Provision for Depreciation

Motor vehicles 130,000 35,000
Fixtures 36,900 18,600

On 3rd July 2007, Aripin acquired motor vehicle costing RM 52,000 and fixtures costing
RM 7,400.

The motor vehicles are depreciated at 10% per annum using the straight-line method
(yearly basis) and the fixtures at 20% per annum using the reducing balance method
(monthly basis).

You are required to show:

a. The machinery account

b. The fixtures account
c. The provision for depreciation accounts for each of the fixed assets, for the
year ended 31/12/2007
d. The Balance Sheet as at 31/12/2007

Question 6

Yuzai Enterprise owned three motor vehicles. The information on the asset for the year
ended 31 March 2007 are as follows.

Motor vehicle A (WGD 3434) was purchased on 31 May 2004 for RM31,200
Motor vehicle B (WKK 2323) was purchased on 4 June 2006 for RM19,600.
Motor vehicle C (WQR 5457) was purchased on 1 February 2007 for 48,800 excluding
road tax and insurance of RM1,200). All payments are made by cheque.

Depreciation is charged at 20% per annum on cost (monthly basis).

You are required to prepare the following accounts for year ending 31 March 2007:

a.
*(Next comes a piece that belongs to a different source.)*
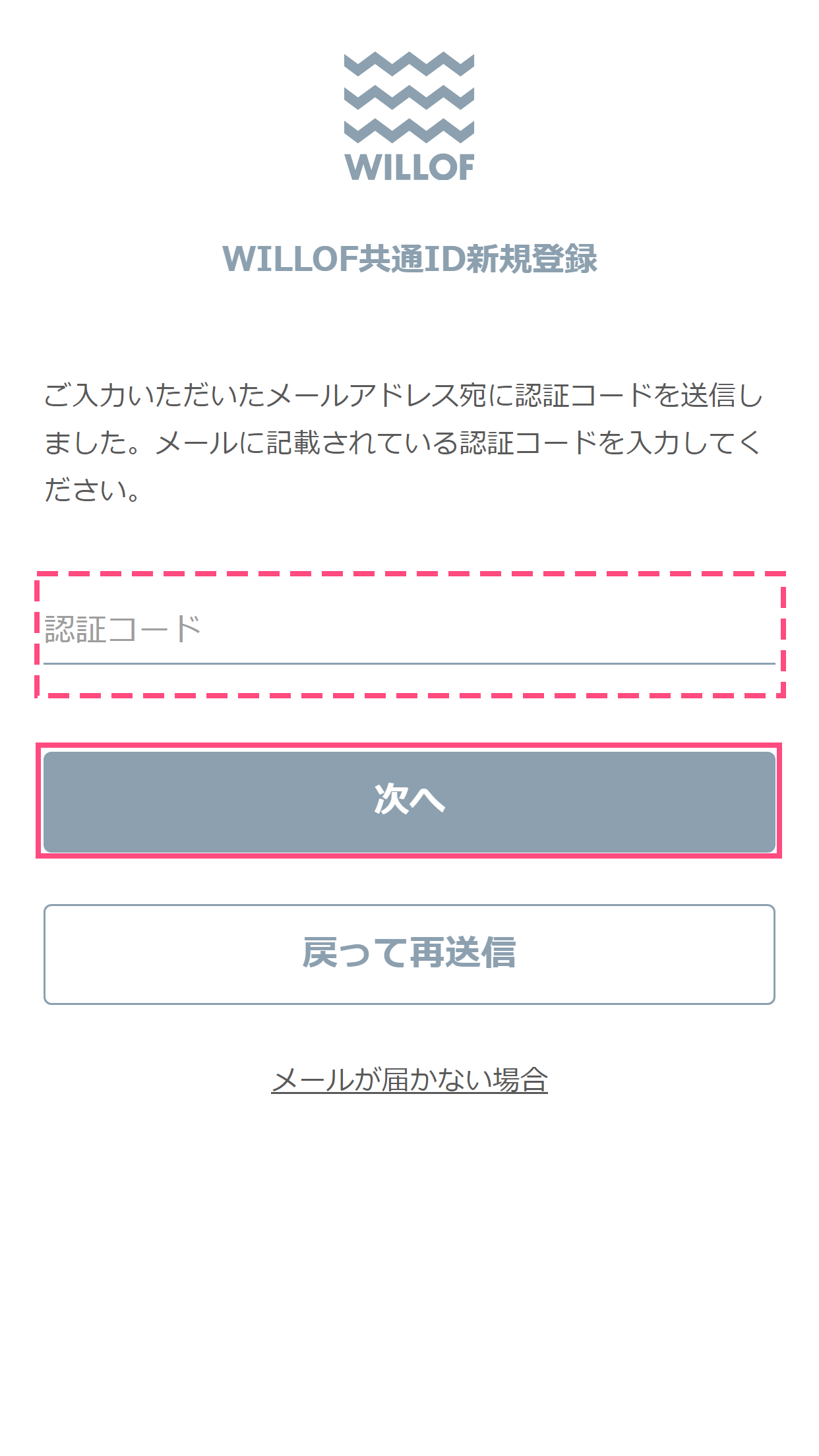 5. WILLOF共通ID情報を入力し「登録」を選択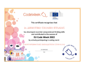 Το σχολείο μας με τις τάξεις Α1 και Β3 πήρε μέρος με δραστηριότητες προγραμματισμού και ρομποτικής στην ΕΥΡΩΠΑΪΚΗ ΕΒΔΟΜΑΔΑ ΠΡΟΓΡΑΜΜΑΤΙΣΜΟΥ

Motor vehicle account

b. Accumulated Depreciation account
c. Balance Sheet extract as at 31 March 2007 (10 marks)

Question 7

Syarikat Naditech has two types of fixed assets, being motor vehicles and furniture and
fittings. Depreciation on motor vehicles is provided at 20% on cost based on assets in
existence at the end of the year and the depreciation on furniture and fittings is
provided at 10% on book value on a month to month basis commencing from the date
of purchase.

The following is an extract of balance sheet of Syarikat Naditech Sdn Bhd as at 31

December 2006.

Accumulated Net Book

Fixed Asset Cost Depreciation Value

Motor Vehicles 99,000 40,000 59,000

Furniture and Fittings 50,000 20,000 30,000

During the year ending 31 December 2007, Syarikat Naditech purchased the following
assets and paid by cheques.

Date Assets Amount

1 July 2007 Motor Vehicle RM40,700 (including road tax
31 October 2007 Furniture & Fittings RM4,000 (excluding delivery cost to
business office RM2,000)
12 January 2008 Motor Vehicle RM60,000 (including installation
cost of air-conditioning RM1,500)

a. Prepare the following for the year ended 31 December 2007

i. Fixed Assets Accounts
ii. Provision for Depreciation Accounts
iii. Balance Sheet Extract
Note: Show separate accounts for each type of assets.